Many of the road names are linked to engines produced in the 1950s and 1960s at what is now the Rolls-Royce factory. The area originally consisted of many council houses and post World War II prefabs. In recent years, some of the houses have been renovated; however, some owners have kept the older style of house.

Little Stoke has one Public House, The Stokers (formally The Magpies), on Gipsy Patch Lane, and one Social Club (Little Stoke Social Club), on Braydon Avenue.
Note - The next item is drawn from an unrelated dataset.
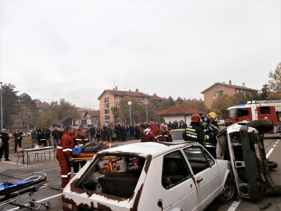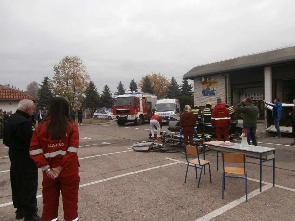 Crveni krst Valjevo je u sredu, 24. oktobra, na poziv Odeljenja za vanredne situacije MUP-a u Valjevu, učestvovao u zajedničkoj pokaznoj vežbi ovlašćenih i osposobljenih subjekata za delovanje u vanrednim situacijama, kroz realistički prikaz povreda i stanja sa svojim demonstratorima i glumcima koje su za javnost verodostojno i profesionalno sproveli obučeni volonteri Crvenog krsta Valjevo na prostoru ispred Vatrogasnog doma u Valjevu. Na vežbi je izvedena simulacija saobraćajne nezgode sa više učesnika, sa slupanim i prevrnutim automobilima u kojima su teško povređeni vozači i drugi učesnici u saobraćaju a obučeni volonteri iz prve pomoći Crvenog krsta Valjevo su verno prikazali i iscenirali povrede koje su organizatori precizno planirali i definisali. U simulaciji su zajeno učestvovali Vatrogasno-spasilački bataljon u Valjevu, Saobraćajna policija PU Valjevo, Hitna pomoć Doma zdravlja Valjevo, Medicinska škola Valjevo i Crveni krst Valjevo. Cilj ove javno-pokazne vežbe je institucionalno povezivanje i uvežbavanje, kako bi se prisutnima što realnije demonstrirali postupci kao i posledice saobraćajnih nesreća a samim tim i skrenula pažnja na mere koje se moraju zajednički preduzeti kako bi se one sprečile.

School children attend Little Stoke Primary School and then move on to AbbeyWood High School, on New Road in nearby Filton; or to the nearby Patchway High School. Some pupils travel further afield to Bradley Stoke Community School in Bradley Stoke The Ridings High School in Winterbourne or to The Castle School or Marlwood School (in Thornbury and Alveston respectively).

Stoke Gifford Parish Council gained notoriety amongst the running world when it became the first council to vote to impose a charge on runners who run at Little Stoke parkrun every Saturday morning. parkrun organises free running events in over 800 parks worldwide and this was the first and only council to take this step when it made its decision on 12 April 2016 by a vote of 6 to 4. The Parish Council cited wear and tear on paths as its justification. Because of this, Little Stoke parkrun has now closed.

Little Stoke has a football team called Stokeside FC who play in the Bristol & District League as well as Little Stoke F.C who currently play in the Gloucestershire County League and Stoke Lane, which gets its name from the road Stoke Lane, which runs through Little Stoke. The club's home shirt for all the teams is black and white stripes.

Martin Davis, who lived at Little Stoke Farm, has published a book about local history: The Farmer and the Goose with the Golden Eyes: A Celebration of a Vanished Part of Rural South Gloucestershire and the Founding of the Wildfowl and Wetlands Trust at Slimbridge.